Required work
Pictures are to be left out; every line from the one that holds "Страничният панел Lumaland" to the end of the data is to be retyped exactly.

Material provided

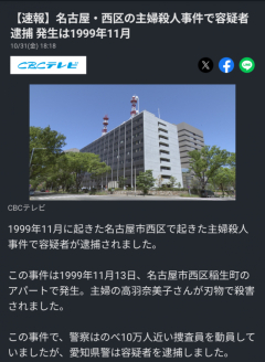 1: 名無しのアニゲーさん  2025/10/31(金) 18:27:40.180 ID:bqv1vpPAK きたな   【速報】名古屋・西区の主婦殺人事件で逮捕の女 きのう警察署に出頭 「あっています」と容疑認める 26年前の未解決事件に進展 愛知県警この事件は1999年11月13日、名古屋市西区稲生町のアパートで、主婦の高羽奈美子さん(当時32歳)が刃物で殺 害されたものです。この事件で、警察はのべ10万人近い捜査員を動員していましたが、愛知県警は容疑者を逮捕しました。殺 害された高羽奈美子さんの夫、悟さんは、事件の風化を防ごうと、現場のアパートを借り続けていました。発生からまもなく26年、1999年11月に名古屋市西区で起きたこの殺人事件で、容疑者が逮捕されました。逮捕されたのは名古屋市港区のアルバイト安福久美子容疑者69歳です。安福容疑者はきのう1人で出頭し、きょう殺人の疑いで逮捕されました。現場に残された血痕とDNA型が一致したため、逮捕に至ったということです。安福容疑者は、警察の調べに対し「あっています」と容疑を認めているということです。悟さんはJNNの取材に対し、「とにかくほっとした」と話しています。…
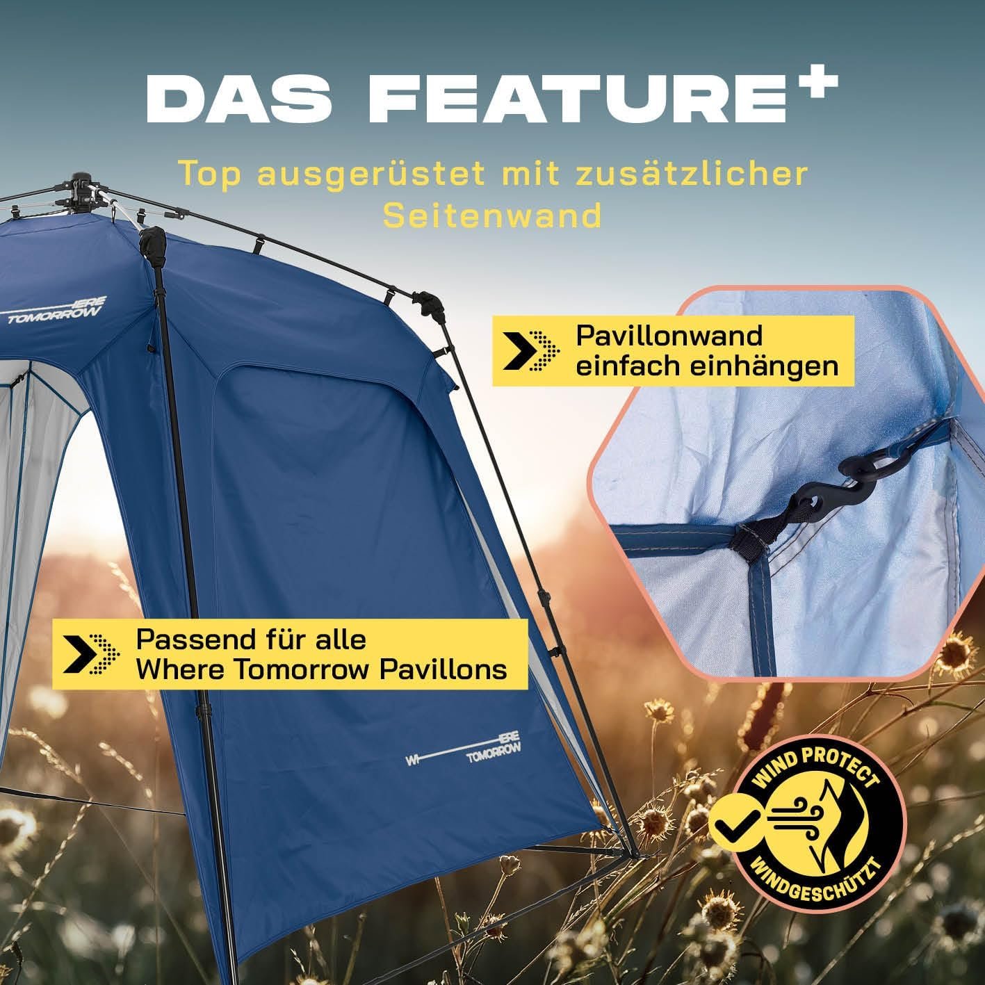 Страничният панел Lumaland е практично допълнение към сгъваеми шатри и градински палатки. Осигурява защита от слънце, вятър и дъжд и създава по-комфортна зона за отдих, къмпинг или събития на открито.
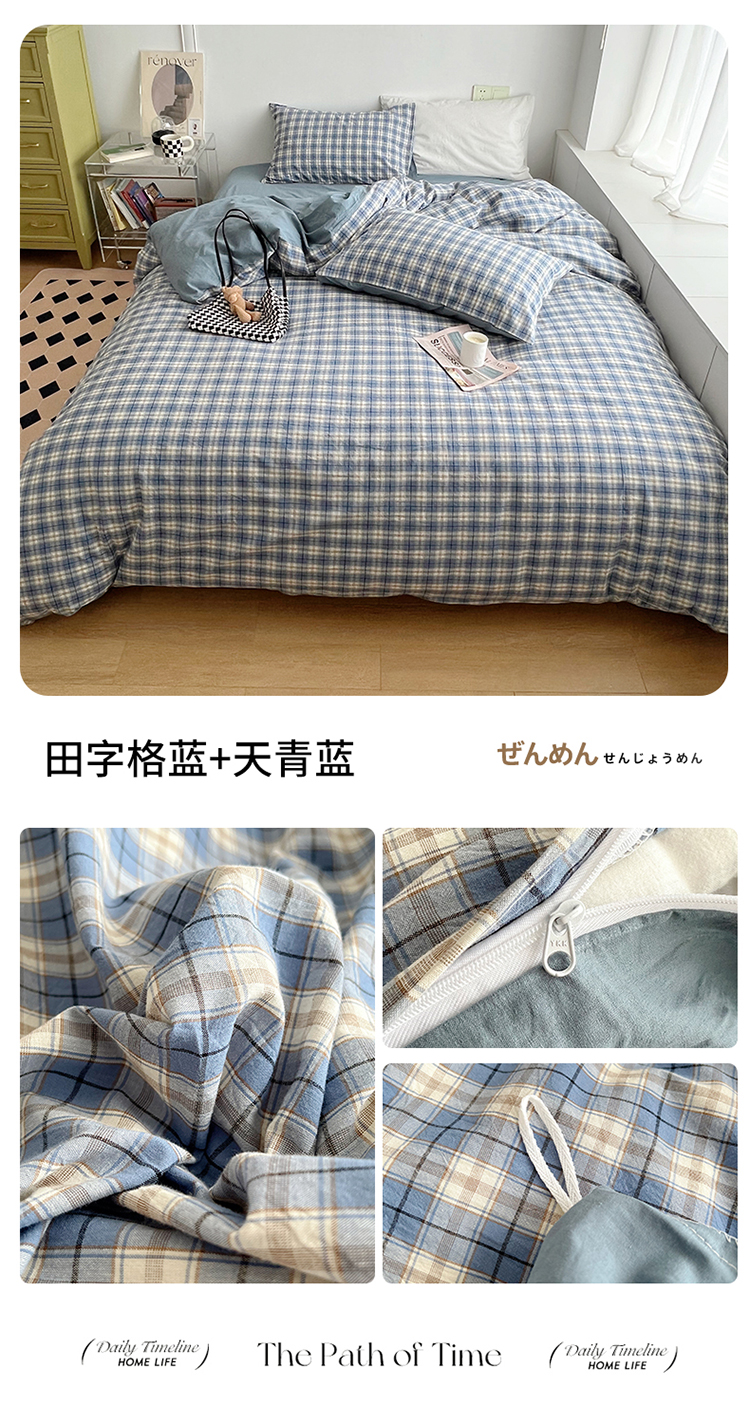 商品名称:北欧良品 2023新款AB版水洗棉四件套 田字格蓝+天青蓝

Result
 Страничният панел Lumaland е практично допълнение към сгъваеми шатри и градински палатки. Осигурява защита от слънце, вятър и дъжд и създава по-комфортна зона за отдих, къмпинг или събития на открито.
 商品名称:北欧良品 2023新款AB版水洗棉四件套 田字格蓝+天青蓝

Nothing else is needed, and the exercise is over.